C’est en début de matinée vers 9 heures, sous une fine pluie, qu’il a foulé le sol matadien. L’autorité provinciale regagne le chef-lieu de la province après une série de consultations dans la capitale. Ce déplacement à Kinshasa, officiellement motivé par une invitation du vice-premier ministre de l’Intérieur, alors que l’étau se resserre autour de l’exécutif provincial sur un rapport de l’Inspection générale des Finances (IGF).
Le point de bascule de cette situation remonte au 28 janvier 2026, après que l’Assemblée provinciale ait autorisé à l’unanimité le réquisitoire du procureur général près la Cour de cassation. Une décision qui ouvre la voie à une instruction judiciaire contre le gouverneur pour des faits présumés de détournement de deniers publics.

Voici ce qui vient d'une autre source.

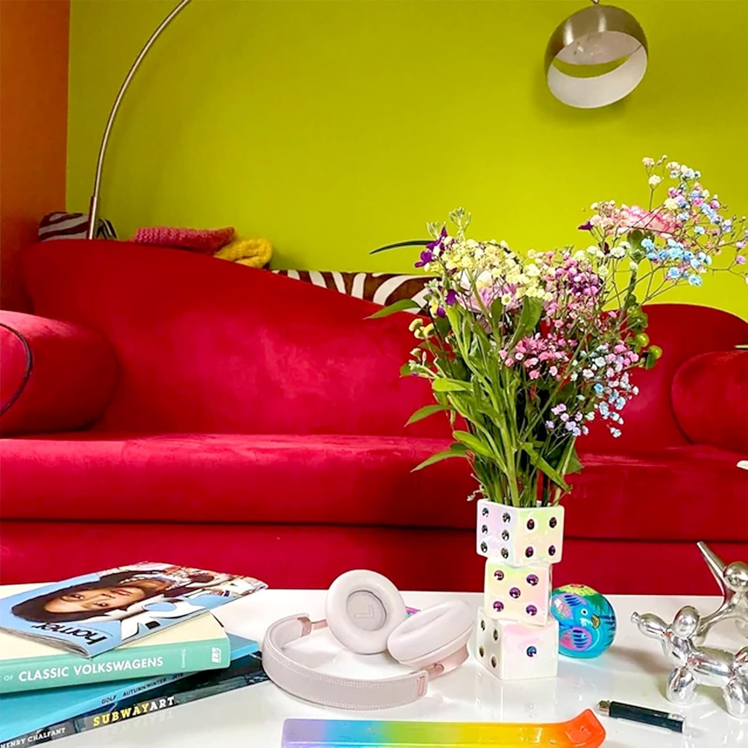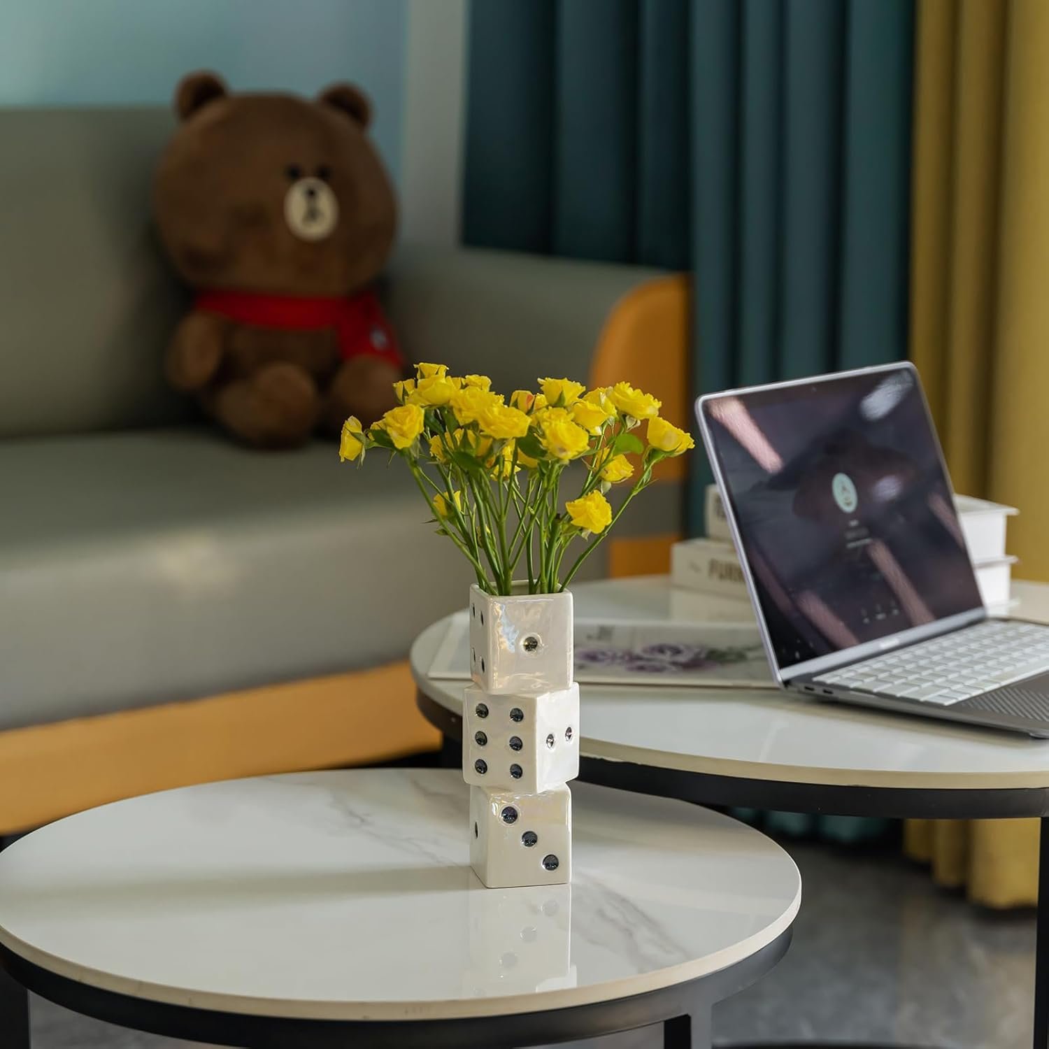 🎲【Suitable for Any Environment】: With its captivating design, our dice vase seamlessly blends into any atmosphere or modern setting. It is a versatile and trendy accent piece that adds a touch of sophistication to any room.
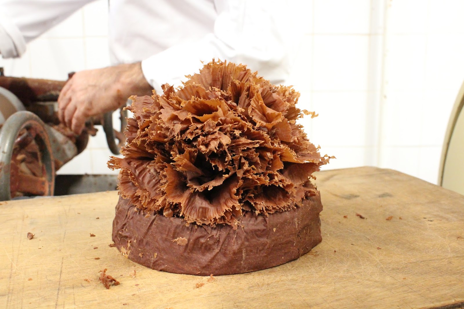 La famille Bernachon fait partie de ces rares artisans à maitriser le processus complet de création du chocolat. Ici dix sortes de fèves sont utilisées, elle proviennent de loin : Java, Madagascar, Amérique Centrale, Venezuela, Pérou. Elles sont triées puis grillées, la torréfaction dure une vingtaine de minutes. Ensuit les peaux des fèves sont enlevées ce qui permet d’obtenir le grué de cacao.
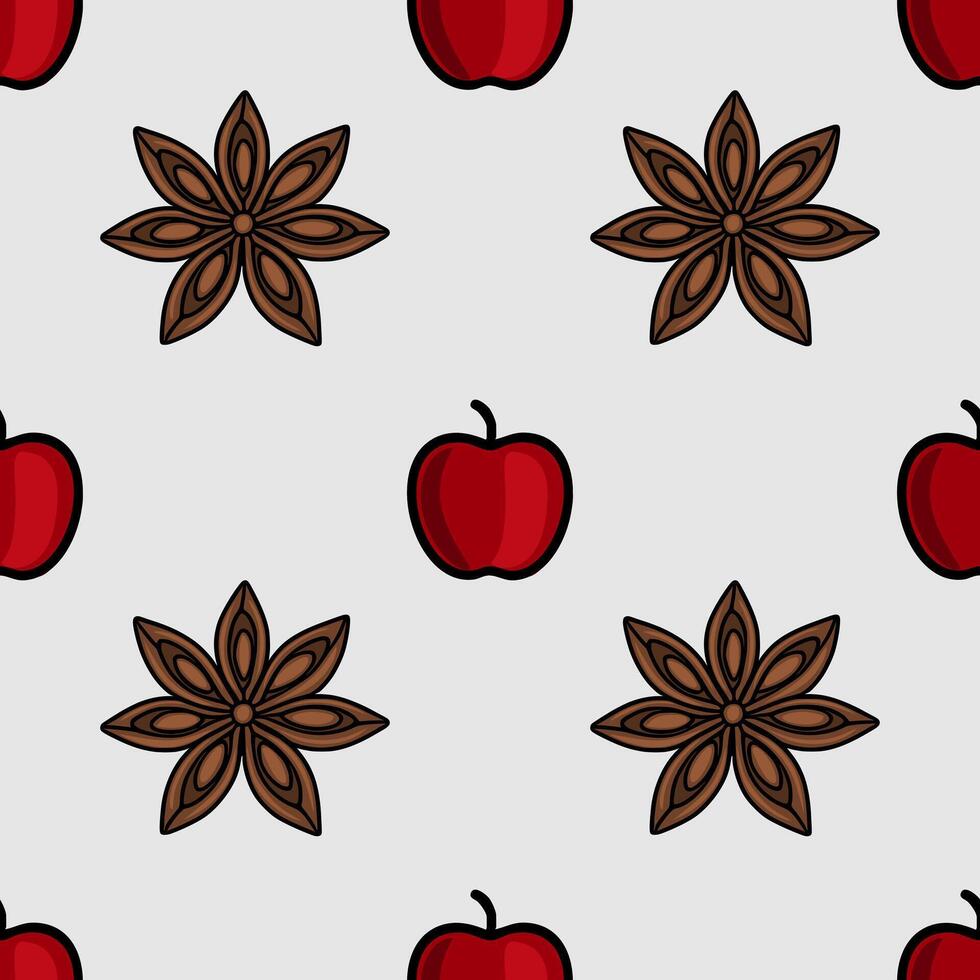 Seamless pattern featuring stylized red apples and brown anise stars on a light gray background, ideal for autumnal or Christmas designs. Pro Vector

Pour le camp de Grâce Bilolo, l’heure est à la contre-attaque juridique. Son entourage affirme que le gouverneur a accusé réception, le lundi 2 février, du « vrai » rapport de l’Inspection générale des Finances (IGF), lequel ne mentionne « aucun détournement » et est présenté comme une pièce à décharge dans cette affaire.
Pourtant, la tempête juridique semble loin de s’apaiser, car un nouveau front vient de s’ouvrir. En effet, un collectif de notables du Kongo Central a déposé une plainte au parquet près la Cour de cassation pour charger à nouveau le gouverneur de province. Cette plainte porte sur des faits de détournement de deniers publics, faux en écriture, conflit d’intérêts et délit d’initié, relatifs à des griefs non visés par le réquisitoire initial du procureur général.
À Matadi comme sur l’ensemble de la province, voire à Kinshasa, les observateurs et les acteurs de la société civile estiment que ce retour ne signifie pas un retour à la normale, mais plutôt le début d’un bras de fer judiciaire dont l’issue pourrait redéfinir l’équilibre politique de la province dans les jours à venir.
Une source contactée par Kongo Média précise qu’il faudra désormais attendre l’évolution de l’instruction. « L’innocence se trouve au bout de la procédure judiciaire. Il faudra d’abord s’y soumettre pour que le reste soit déterminé », conclut-elle.